Russian Far East

If You Can Pronounce Zegrahm, You Have to Give These Sites a Try

Zegrahm Contributor|September 19, 2013|Blog Post

At Zegrahm, we pride ourselves on taking our explorers to the ends of the Earth, be it the continent of Antarctica, or an island in the middle of the Indian Ocean with seven syllables—we're looking at you, Thiruvananthapuram. Here is a list of our favorite, if hard to pronounce, off-the-beaten-path destinations you simply can’t miss:

 

Sea of Okhotsk

The expansive region bordering the Sea of Okhotsk is one of the planet’s least-explored and most remarkable destinations for untouched forests, pristine tundra, and vast amounts of wildlife. You’ll find a number of whale species including beluga, orca, and bowhead; basking seals and sea lions by the thousands; and millions of seabirds, from northern fulmars, puffins, and guillemots to black-legged kittiwakes, auklets, and more.

 

Jan Mayen Island

Jan Mayen Island claims the northernmost active volcano on the planet.
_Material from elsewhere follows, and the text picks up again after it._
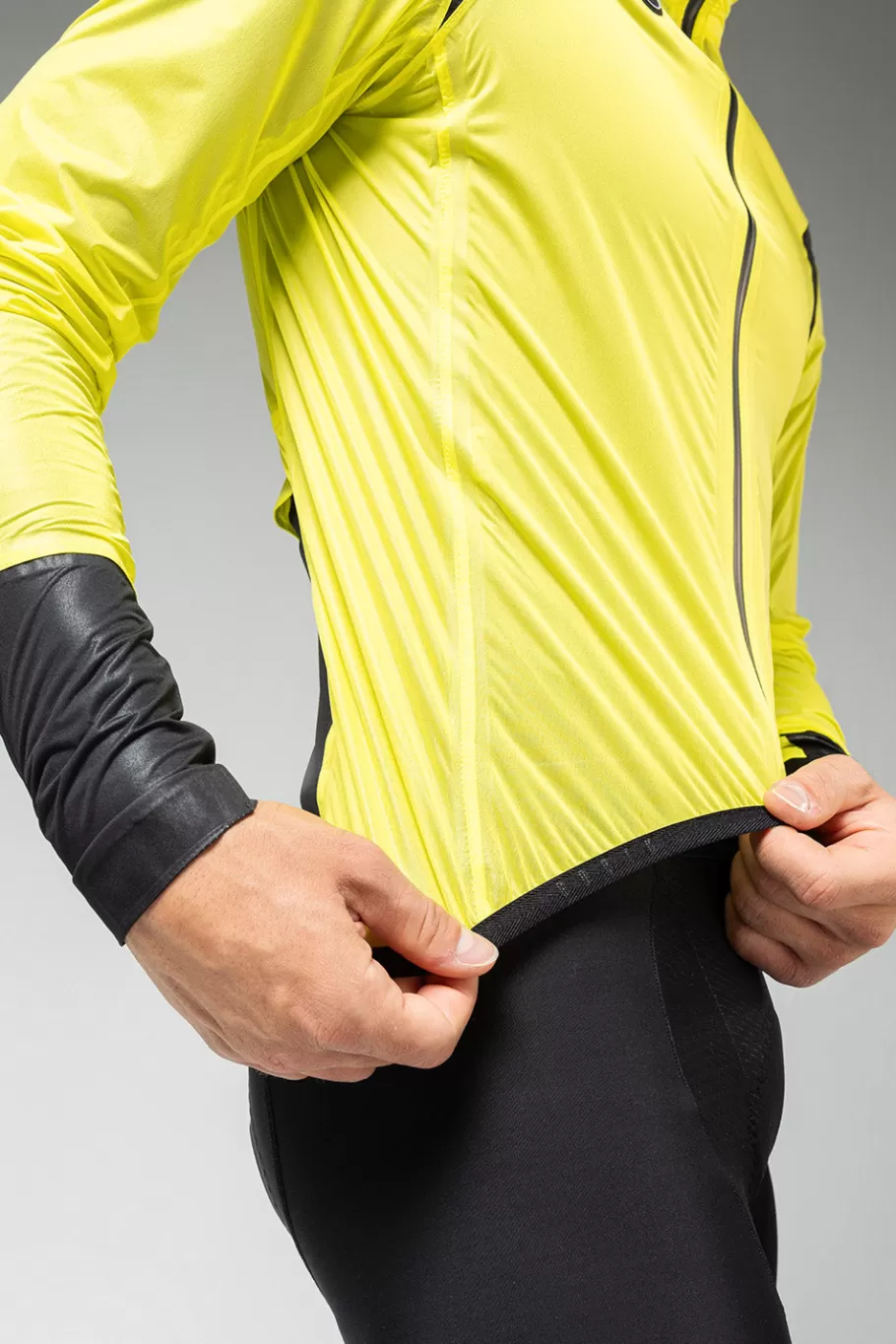 Ultraleichte, wasserdichte Jacke für den Straßenradsport. Der perfekte Verbündete bei plötzlichen Wetterumschwüngen, wie sie z. B. auf einem Bergpass oder bei einer langen Herbst- oder Frühlingsfahrt auftreten können. Sie hält dich bei Wind und leichtem Regen auf Trab.

The Beerenberg volcano is entirely capped in ice and boasts numerous glaciers, many of which calve directly into the sea. We will be on the lookout for seabirds such as fulmars and puffins, and we may go ashore to view the old whaling and weather stations.

 

Sigiriya

In the heart of Sri Lanka lies Sigiriya, or Lion Rock, a huge granite monolith rising out of the jungle. This stunning UNESCO World Heritage Site features the ruins of a 5th-century fortress and palace, colorful murals, and the remains of an extensive network of gardens, reservoirs, and fountains. See for yourself on Natural Wonders of Sri Lanka

 

Karasjok

Karasjok is the social and cultural center of the Norwegian Sami, a semi-nomadic culture based on reindeer herding. Both the Sami Parliament and a Sami language radio station were established here, and on our adventure, you will meet Sven Engolhm, an eleven-time winner of Europe’s longest dog sled race, plus visit his kennels and highly-trained sled dogs.

 

Bwindi Impenetrable Forest

A UNESCO World Heritage Site, Bwindi Impenetrable Forest is one of the most biologically diverse areas on the planet. It is home to half of the world’s population of mountain gorillas, and our overland adventure spends two full days tracking these great primates. A plethora of bird species and other chimpanzees also live here.